I agree completely that any timeshares which allow pets, including those that allow it as an owners-only perk - should make that known in advance to any guests who are thinking about exchanging in or booking a cash stay.

We're very lucky in that my brother happily takes over as our dawg's owner whenever we need him; he and the dawg are thrilled with the arrangement.  But it's not as easy for many pet-owners to leave their pets which means there's definitely a market for pet-friendly timeshares.  I wouldn't choose to visit them (which is why I'd want to know before thinking about booking them) but it's very easy to understand why some want them.

But like anything else that's a personal preference, you can't choose what you want/don't want unless you know it exists.


----------



## Laurie (Oct 24, 2014)

I do wish more timeshares had at least a few specific designated units for pets - but don't think all units should be so designated. And I can't help but chime in about this:

Most pit bull and other dog bites occur by dogs who their owners swear are friendly and "would never hurt a soul."

Anyone who believes that temperament in specific dog breeds isn't generally influenced by generations of previous breeding isn't aware of how dog genetics work.  Same for anyone who doesn't believe that aggressiveness is often an innate temperament.  That doesn't mean there aren't individual exceptions, but the nurture and training of a specific animal rarely trumps innate inherited personality characteristics.  

There are people who think it's nifty to breed and own wolf-hybrids - I've even known a few. I admire wolves. But IMO anyone who would own one and trust one as a pet is delusional.

If you disagree and think you have the science to back up your opinions, show it to me. My experience is with sled dogs, who are bred for a specific purpose. Many characteristics of their temperaments are absolutely inherited, and cannot reliably be trumped by training. That's why breeding for working dogs is done so carefully and intentionally.  

Additionally, with any popularized breed such as pit bulls, breeding is done haphazardly and without intention. 

Dog breeds were originally created by humans, for specific purposes. There is no analogy to be made with human genetics here, or with discrimination against groups of humans.

Anyone invested in changing the reputation of pit bulls as aggressive could accomplish something tangible by engaging in selective breeding - selecting for gentleness and selecting out aggressiveness. Do that over many generations, and you will begin to have your desired results.  This is unlikely to ever happen, because the people who defend pit bulls as gentle are rarely breeders.

Until/unless the breed's temperament and attack history statistically changes, I would personally not choose to be in the company of a pit bull and would especially never risk endangering a child's life.


----------



## BocaBoy (Oct 27, 2014)

Steve said:


> That's a great change.  I hope more timeshares decide to allow pets in the future.
> 
> Steve



I think it is an absolutely horrible change.  It is beyond me why a timeshare which does not allow smoking (BTW, I am not a smoker) would allow pets.  Some people are extremely allergic to animals, especially cats, so it is a health issue as well as a maintenance cost issue.


----------



## Egret1986 (Oct 27, 2014)

*If one is not affected by allergies to something, they have no idea the effects.*



BocaBoy said:


> I think it is an absolutely horrible change.  It is beyond me why a timeshare which does not allow smoking (BTW, I am not a smoker) would allow pets.  Some people are extremely allergic to animals, especially cats, so it is a health issue as well as a maintenance cost issue.

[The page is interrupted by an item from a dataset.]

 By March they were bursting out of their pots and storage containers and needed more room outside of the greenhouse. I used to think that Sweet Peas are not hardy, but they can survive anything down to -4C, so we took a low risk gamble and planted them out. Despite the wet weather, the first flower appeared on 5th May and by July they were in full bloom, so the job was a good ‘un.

I have a co-worker (for 25 years) that is extremely allergic to scents from perfume, body sprays, lotions.  We work in a mail processing facility with lots of folks wearing these products.  No one really gets it because they don't "walk in her shoes."  She does what she can to protect herself because our employer can't ban these items.  She does what she can to protect herself.

I am unsure how units can be properly cleaned of all pet residue in the short time frame between check-out and check-in.  I don't think it can be done.


----------



## klpca (Oct 27, 2014)

I am a pet owner (for 30+ years), a rental property owner (mid rise urban building), and a timeshare owner. 

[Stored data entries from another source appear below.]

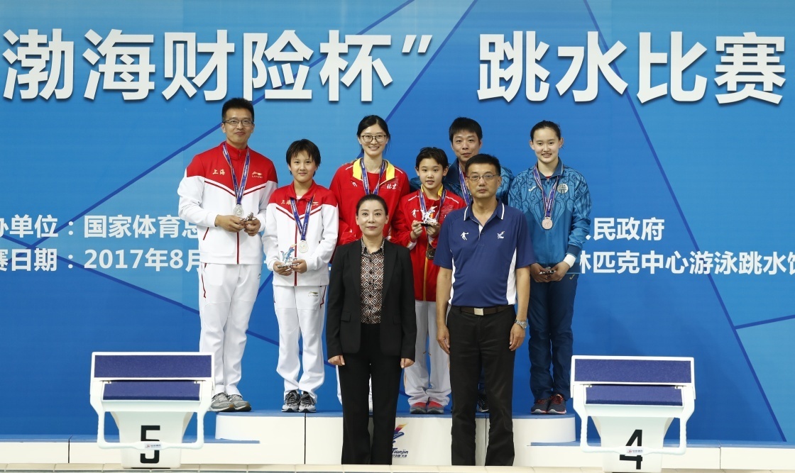 8月25日,冠軍北京選手張家齊(上右三)與教練(上左三)、亞軍上海選手掌敏潔(上左二)與教練(上左一)、季軍四川選手任茜(上右一)與教練(上右二)與頒獎嘉賓在頒獎儀式上合影。新華社記者 丁旭 攝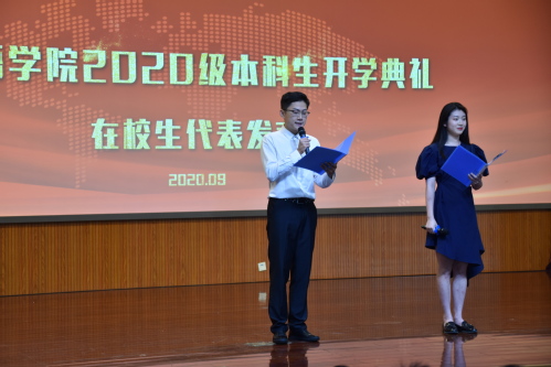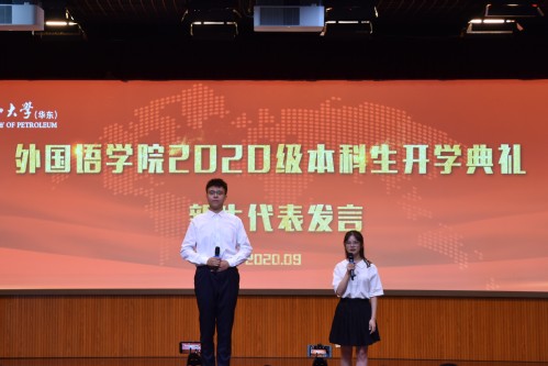 2020级本科生王惠燕、刘军赫代表新生发言,他们表示,要将“惟真惟实”的校训内化于心,外化于形,在申博sunbet中努力、踏实地提升自己的本领,将自己打造成国家真正需要的“复合型外语人才”。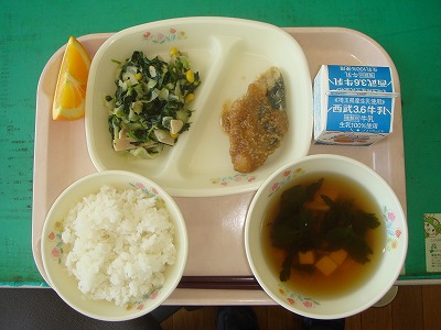 ご飯、サワラのごまみそだれ、若竹汁、青菜のソテー、オレンジ サワラはカリッと揚がっていて、ごまみそだれとよく合います。 |
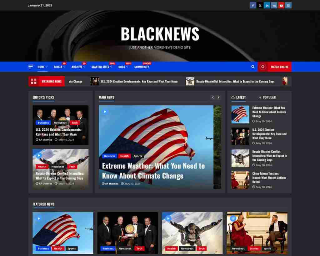 BlackNews is a modern, dark newspaper-style WordPress theme designed for news, blogs, and magazine publishers seeking a bold and professional design. Fully compatible with popular page builders like Elementor, Gutenberg, Brizy, Beaver Builder, Visual Composer, and Divi, it offers exceptional design flexibility. This responsive, SEO-optimized theme supports major plugins such as WooCommerce, Jetpack, Contact Form 7, and Yoast SEO, enabling the creation of feature-rich websites. Multilingual and RTL-ready, with demo content available in English, Spanish, Chinese, Arabic, French, and Japanese, BlackNews caters to global audiences. Its lightweight structure and fast-loading performance ensure optimal user experience, while features like 1-click demo import, customizable widgets, diverse layout options, and banner areas make setup intuitive and content presentation engaging. Perfect for news portals, blogs, and magazines, BlackNews combines sleek functionality with a captivating dark design.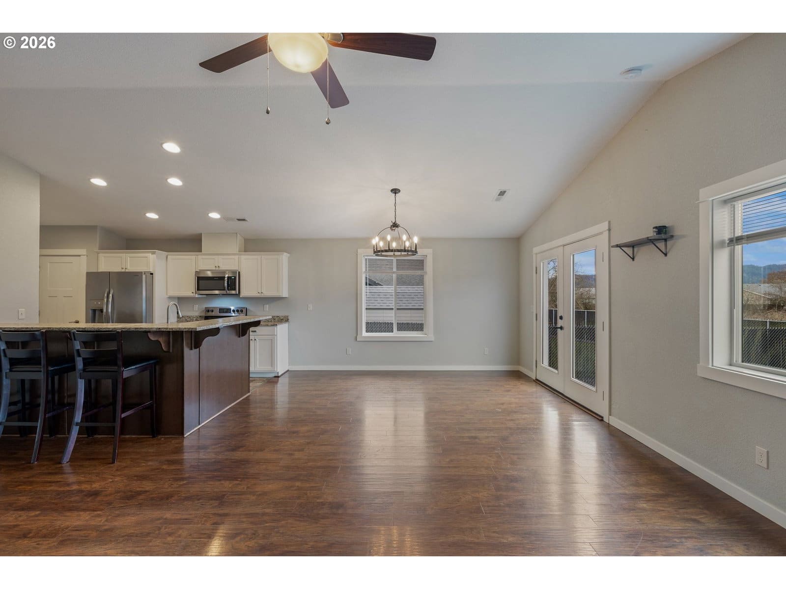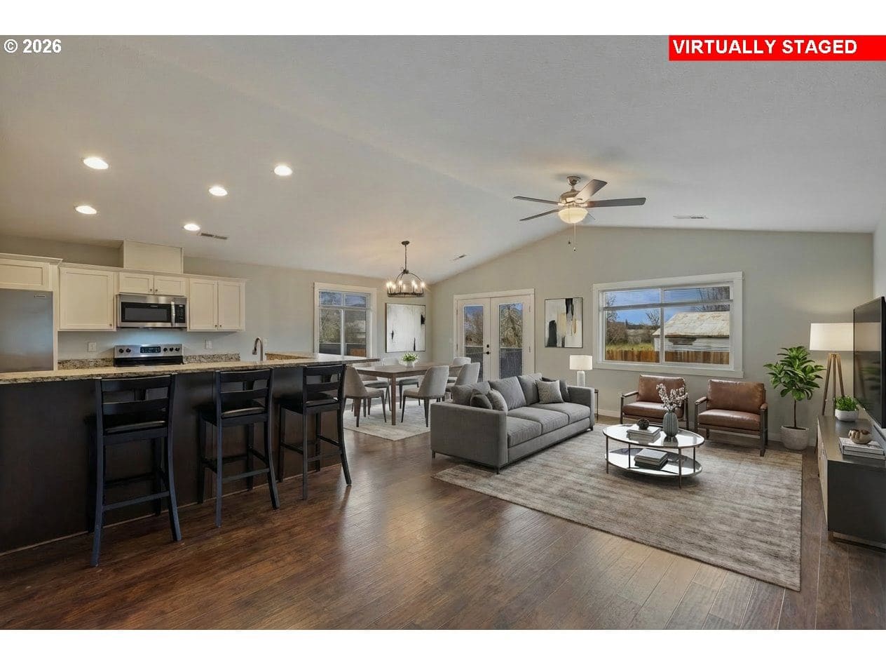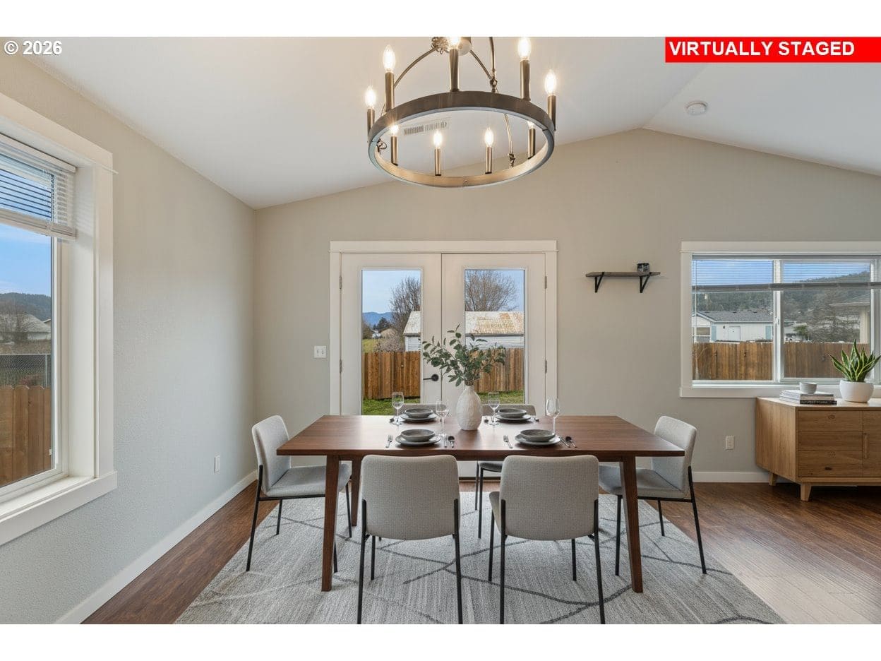 Welcome to this impeccably maintained 2016-built Craftsman Ranch home, where timeless architectural details meet the ease of modern, single-level living. The striking curb appeal makes a lasting impression, featuring contemporary board and batten siding, elegant gables, and a crisp, high-contrast color palette. This is a home designed for those who appreciate both style and substance, offering a spacious open floor plan that maximizes every square foot and creates a seamless flow for everyday living. As you step inside, the entryway leads you into an inviting living room that serves as the heart of the home. Soaring vaulted ceilings and a stylish ceiling fan create an airy feel, while durable luxury vinyl plank (LVP) flooring flows throughout the entire open space. The gourmet kitchen is a true centerpiece, showcasing stunning textured granite countertops that offer ample workspace. Complete with a large pantry and stainless steel appliances, this kitchen is as functional as it is fashionable, making it the ideal spot for morning coffee or hosting holiday gatherings. The primary suite is a true retreat, featuring a generous walk-in closet and a contemporary walk-in shower. Two additional spacious bedrooms provide plenty of versatility, whether you need room for family, a dedicated guest wing, or a bright home office. Practicality is woven throughout the design, including a convenient laundry room situated just off the oversized two-car garage to keep daily chores organized and out of sight. The living experience extends outdoors through elegant french doors that lead to a patio and a fully fenced backyard. This outdoor space is your personal canvas—perfect for summer barbecues, gardening, or simply relaxing in the fresh Oregon air. Enjoy quick I-5 access for a hassle-free commute and easy weekend trips to the Umpqua Valley's famous wineries, trails, and rivers. Combining modern luxury with an unbeatable location, this home is a must-see—schedule your tour today!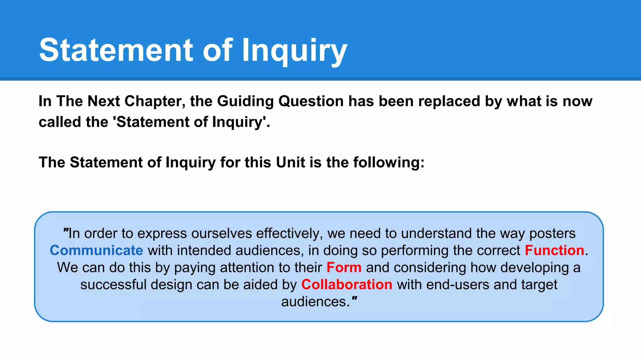 Students are required to create an effective poster advertisement to advertise an upcoming school event, International Evening in December, to their peers, families, and teachers. The poster must satisfy the end-users' (Miss Daykin and Miss Barton) requirements and convey the theme of the event through manipulation of form, which includes elements like images, text, shapes, and colors. To be successful, the poster must communicate important information to the target audience—the ISM community of students, parents, and teachers—through consideration of its function, form, and collaboration with end-users.

A few years ago, we rented our condo to a nice couple with a small dog. The dog came with references from the prior rental so against our better judgement, we rented to this couple. Huge mistake. 1) The dog didn't bark, it whined all day. The next door neighbors rightfully complained. 2)The owners may have thought that the dog was housebroken, but it wasn't. In addition to peeing on the carpet, it peed on the balcony and then dribbled down the drain to the patio below. The downstairs neighbors complained. Of course, the HOA got involved, as did our property manager. We had to let the couple out of their lease early after a few months just to get them out of there. The carpet had to be replaced. The unit was empty for nearly a month between the cleaning and fix up time plus the normal time to get it re-leased. We didn't return the pet deposit, but it came no where close to covering our put of pocket costs. And the kicker was the owners arguing every step of the way that it wasn't their dog that was the issue, even when confronted with proof!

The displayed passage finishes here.